# 10g planted betta tank



## blizowman1 (Jan 16, 2012)

ok, so heres the story: my kids betta weve had for yrs finally died....my girlfriend said I should buy them another. so I decided to setup a 10g for it this time instead of the constant maintenance of a bowl....( I know I know). but heres the setup
10g tank
black gravel (osmocote tabs underneath)
marina s10 hob filter which I put my own media in lol
















walmart 10g heater
walmart hood for two 15w incandescent bulbs.... which I ended up buying 2-10w mini fluorescents 
does anyone know anything about these bulbs im sure im in the low light range but would love any info someone could give me on these lights and what can be exected out of them



























I'm planning on getting a back ground for it and probably either a bag of Eco complete like I have on my 90g or maybe some fluval stratum.
Do either of you know if those bulbs are in the super low light level?
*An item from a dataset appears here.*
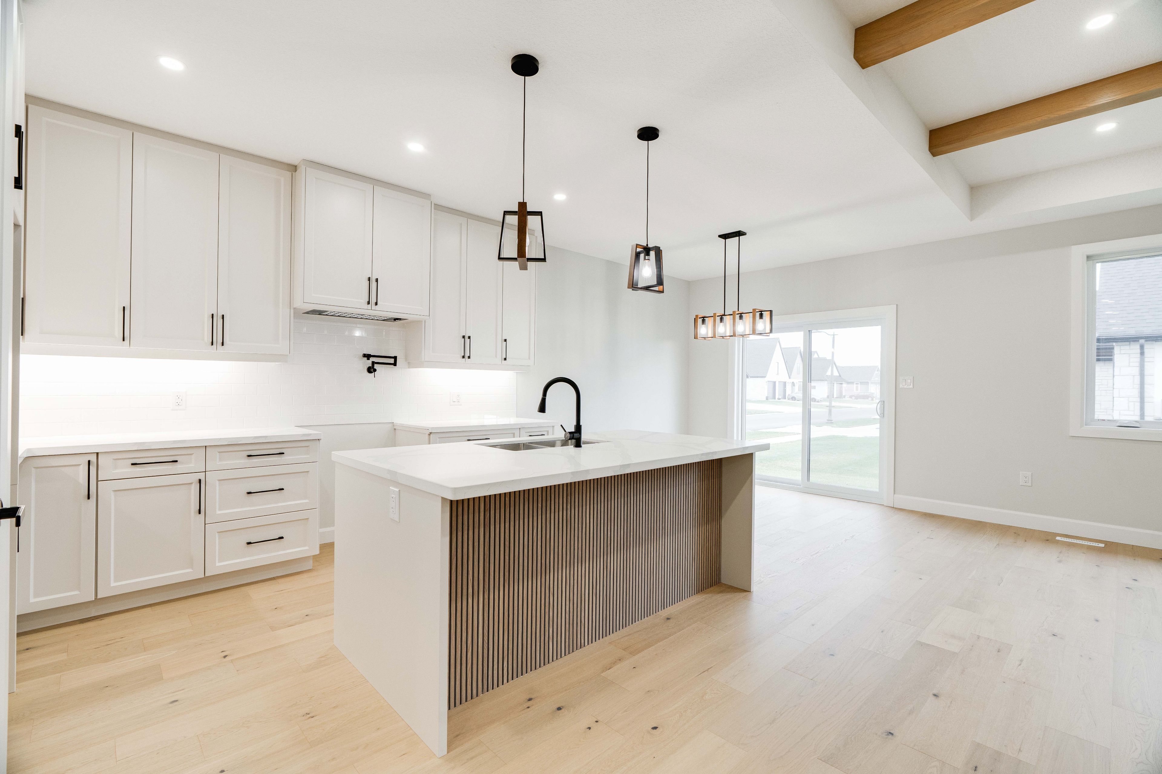 • Gourmet kitchen featuring quartz countertops and island seating for four.

And can you recommend any low light plants I could keep in here cause my 90g is high tech so I'm not real sure how to do low tech lol. And it being low tech should I start liquid dosing at some point? And do I HAVE to dose some thing like excel ?
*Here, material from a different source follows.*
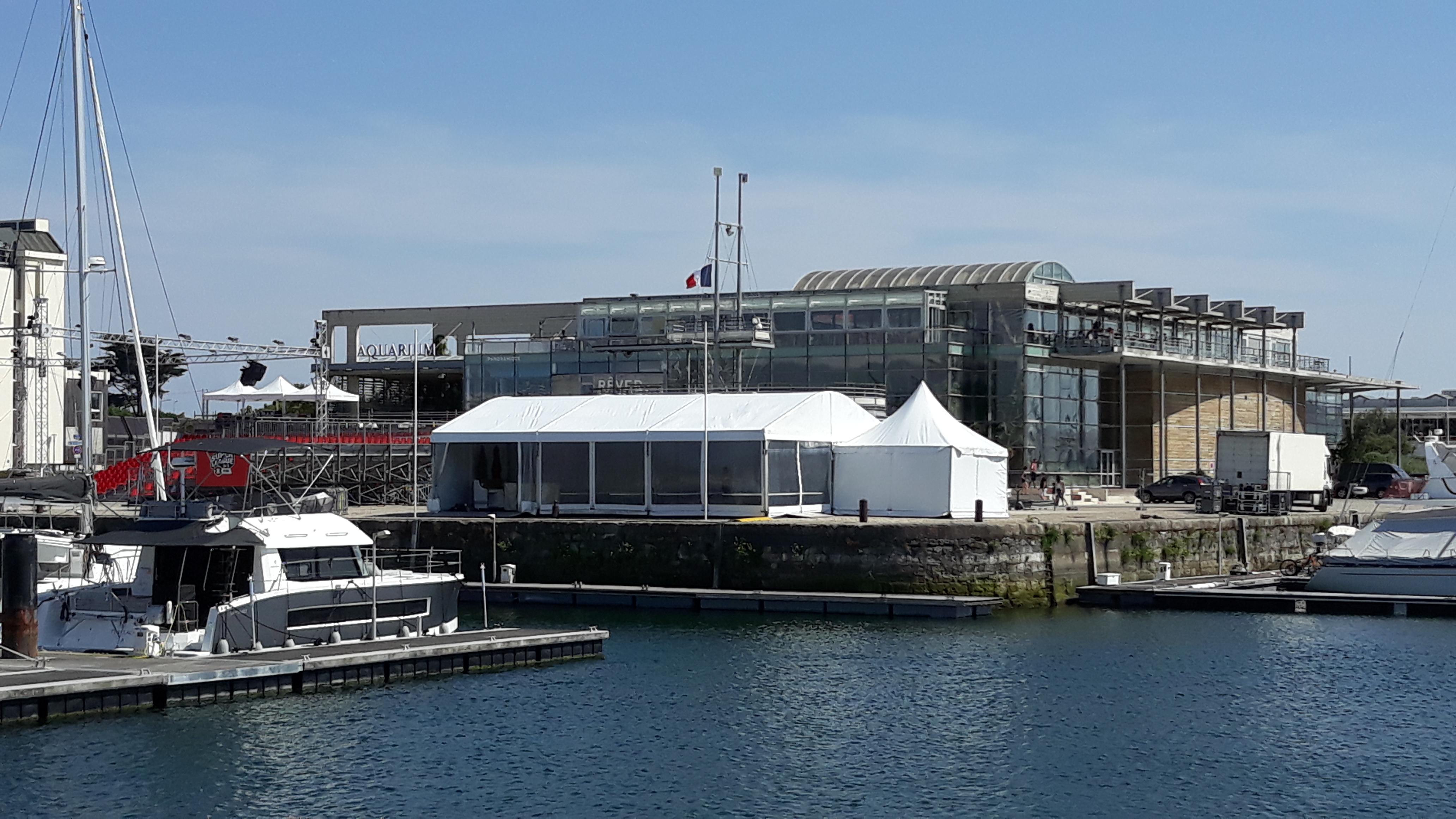 Belle vue sur le port avec aquarium et musée maritime en enfilade. Service en terrasse bien

Here's a pic of my 90g too


----------



## jpappy789 (Jul 28, 2013)

I've never used those fluorescents specifically, With incandescent hoods I usually just use standard daylight CFLs instead. You may have to remove the splash guards to fit some of the larger bulbs. Perfect for a good amount of plants, although I've never tried anything considered "high" light.


----------



## blizowman1 (Jan 16, 2012)

I've tried looking for CFL at Walmart but it seems like the only ones I could find in 6500k are 100w.... I'm trying to stay as low tech as possible. So I'm not gonna be doing anything high light if I can help it lol. But since I've been high tech with my 90g for so long it's hard to transition down to low light plants and such.


----------



## Meganne (Sep 3, 2012)

pkg says 6500k so plant friendly, yes?


----------



## jpappy789 (Jul 28, 2013)

blizowman1 said:


> I've tried looking for CFL at Walmart but it seems like the only ones I could find in 6500k are 100w.... I'm trying to stay as low tech as possible. So I'm not gonna be doing anything high light if I can help it lol. But since I've been high tech with my 90g for so long it's hard to transition down to low light plants and such.
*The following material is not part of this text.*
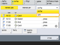 (עצור) כדי להציג את המסך לבחירת המשימה בשליחה שיש לבטל. אם המשימה הנמצאת בשליחה אינה מוצגת, לחץ על <בדוק משימות אחרות> כדי להציג את <שלח עבודות>. בחר את המשימה שברצונך לבטל ולחץ על <ביטול>. |

Are you sure they are 100w and not 100w _equivalent_? Equivalent ratings just compared them to incandescents, but they aren't a number we really worry about in terms of output.


----------



## HuntCast (Aug 25, 2013)

6500 can be tough to find. At my Walmart, I could only find one 13w bulb that wasn't soft white. Had much better luck at Lowes. You can also find them at dollar stores, from time to time.
13w and 23w are the most common. Never have seen a 100w. Think you misread the packaging. That is the equivalent.


----------



## blizowman1 (Jan 16, 2012)

I must have misread then, thanks for telling me ill have to check it out again cause I paid 6 bucks a peice for these compared to 5 bucks for two lol.....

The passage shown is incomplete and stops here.